#### DATA
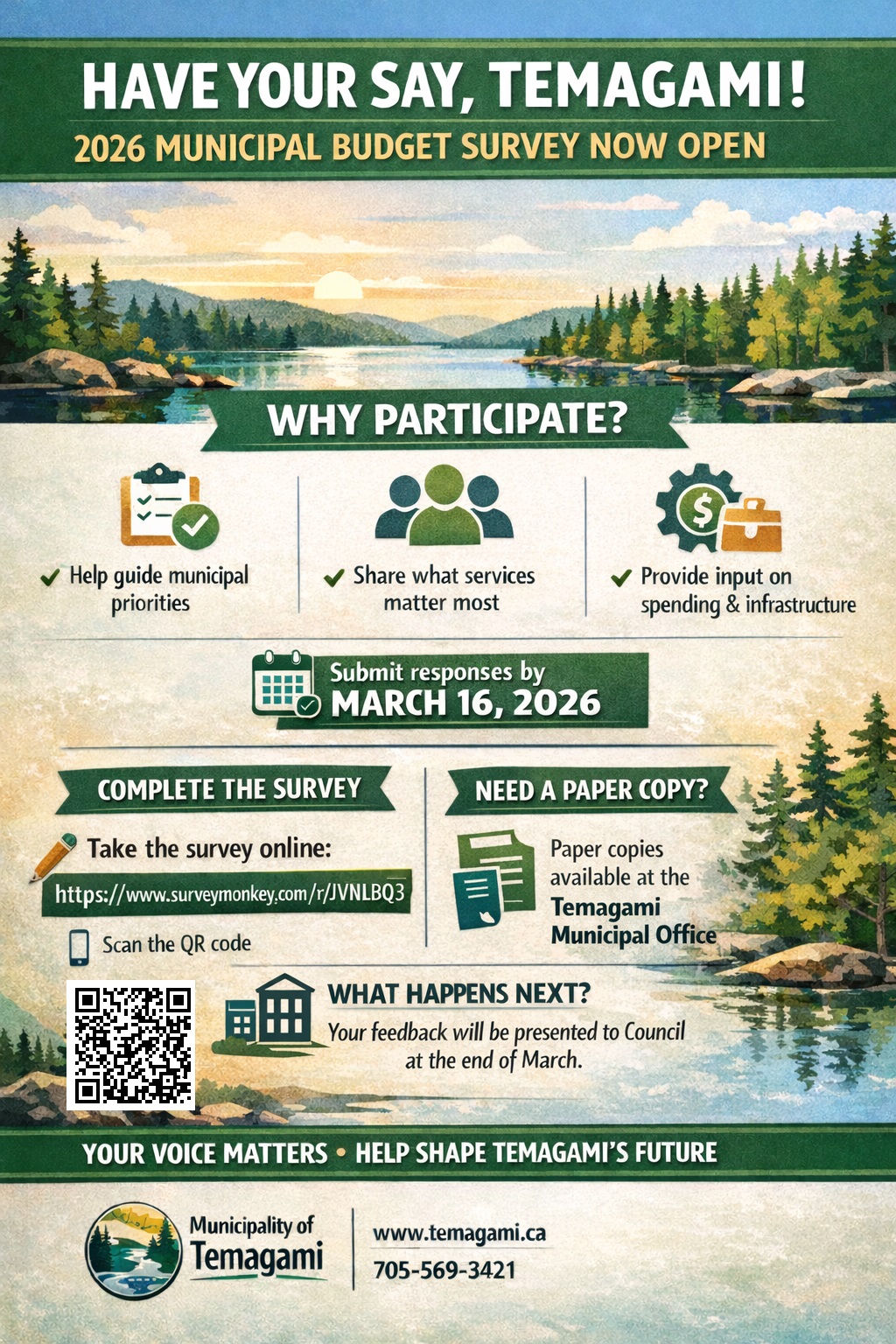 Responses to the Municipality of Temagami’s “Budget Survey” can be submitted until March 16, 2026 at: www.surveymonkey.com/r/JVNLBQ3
########
#### DATA
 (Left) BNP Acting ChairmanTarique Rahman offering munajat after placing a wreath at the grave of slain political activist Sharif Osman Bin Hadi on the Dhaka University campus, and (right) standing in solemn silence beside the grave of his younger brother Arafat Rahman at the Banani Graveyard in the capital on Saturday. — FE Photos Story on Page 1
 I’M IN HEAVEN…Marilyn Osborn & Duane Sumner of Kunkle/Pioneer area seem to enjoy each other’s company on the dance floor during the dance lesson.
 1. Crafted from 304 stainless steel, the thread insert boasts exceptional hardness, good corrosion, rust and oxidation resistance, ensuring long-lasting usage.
########
#### DATA
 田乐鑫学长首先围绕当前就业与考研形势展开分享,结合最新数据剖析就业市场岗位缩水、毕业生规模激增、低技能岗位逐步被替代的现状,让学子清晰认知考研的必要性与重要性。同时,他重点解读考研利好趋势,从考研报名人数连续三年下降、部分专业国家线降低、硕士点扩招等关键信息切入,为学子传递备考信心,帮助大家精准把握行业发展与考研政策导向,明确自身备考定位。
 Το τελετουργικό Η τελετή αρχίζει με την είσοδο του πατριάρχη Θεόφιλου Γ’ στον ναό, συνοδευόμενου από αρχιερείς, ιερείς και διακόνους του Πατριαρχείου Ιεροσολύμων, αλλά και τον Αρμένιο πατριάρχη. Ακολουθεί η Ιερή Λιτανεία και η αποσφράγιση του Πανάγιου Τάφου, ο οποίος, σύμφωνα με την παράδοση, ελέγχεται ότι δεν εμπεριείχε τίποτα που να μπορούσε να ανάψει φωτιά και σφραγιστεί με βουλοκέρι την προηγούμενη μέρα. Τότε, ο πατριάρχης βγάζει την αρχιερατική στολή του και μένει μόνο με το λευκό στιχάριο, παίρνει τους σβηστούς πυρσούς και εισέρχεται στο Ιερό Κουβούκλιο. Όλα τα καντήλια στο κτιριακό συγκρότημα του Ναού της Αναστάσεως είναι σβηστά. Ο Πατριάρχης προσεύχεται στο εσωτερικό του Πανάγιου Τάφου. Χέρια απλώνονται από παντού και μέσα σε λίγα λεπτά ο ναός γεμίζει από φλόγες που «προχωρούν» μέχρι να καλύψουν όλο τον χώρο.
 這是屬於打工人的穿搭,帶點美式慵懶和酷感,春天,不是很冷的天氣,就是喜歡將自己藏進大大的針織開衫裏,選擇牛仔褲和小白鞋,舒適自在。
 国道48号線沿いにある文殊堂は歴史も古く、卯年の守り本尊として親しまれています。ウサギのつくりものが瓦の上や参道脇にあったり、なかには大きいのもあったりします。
########
*TASK DIRECTIONS*.
Since only part of the listing is wanted, copy exactly the lines from the one holding "(Left) BNP Acting" to the one holding "1. Crafted from", both included.

*EXPECTED OUTPUT*.
 (Left) BNP Acting ChairmanTarique Rahman offering munajat after placing a wreath at the grave of slain political activist Sharif Osman Bin Hadi on the Dhaka University campus, and (right) standing in solemn silence beside the grave of his younger brother Arafat Rahman at the Banani Graveyard in the capital on Saturday. — FE Photos Story on Page 1
 I’M IN HEAVEN…Marilyn Osborn & Duane Sumner of Kunkle/Pioneer area seem to enjoy each other’s company on the dance floor during the dance lesson.
 1. Crafted from 304 stainless steel, the thread insert boasts exceptional hardness, good corrosion, rust and oxidation resistance, ensuring long-lasting usage.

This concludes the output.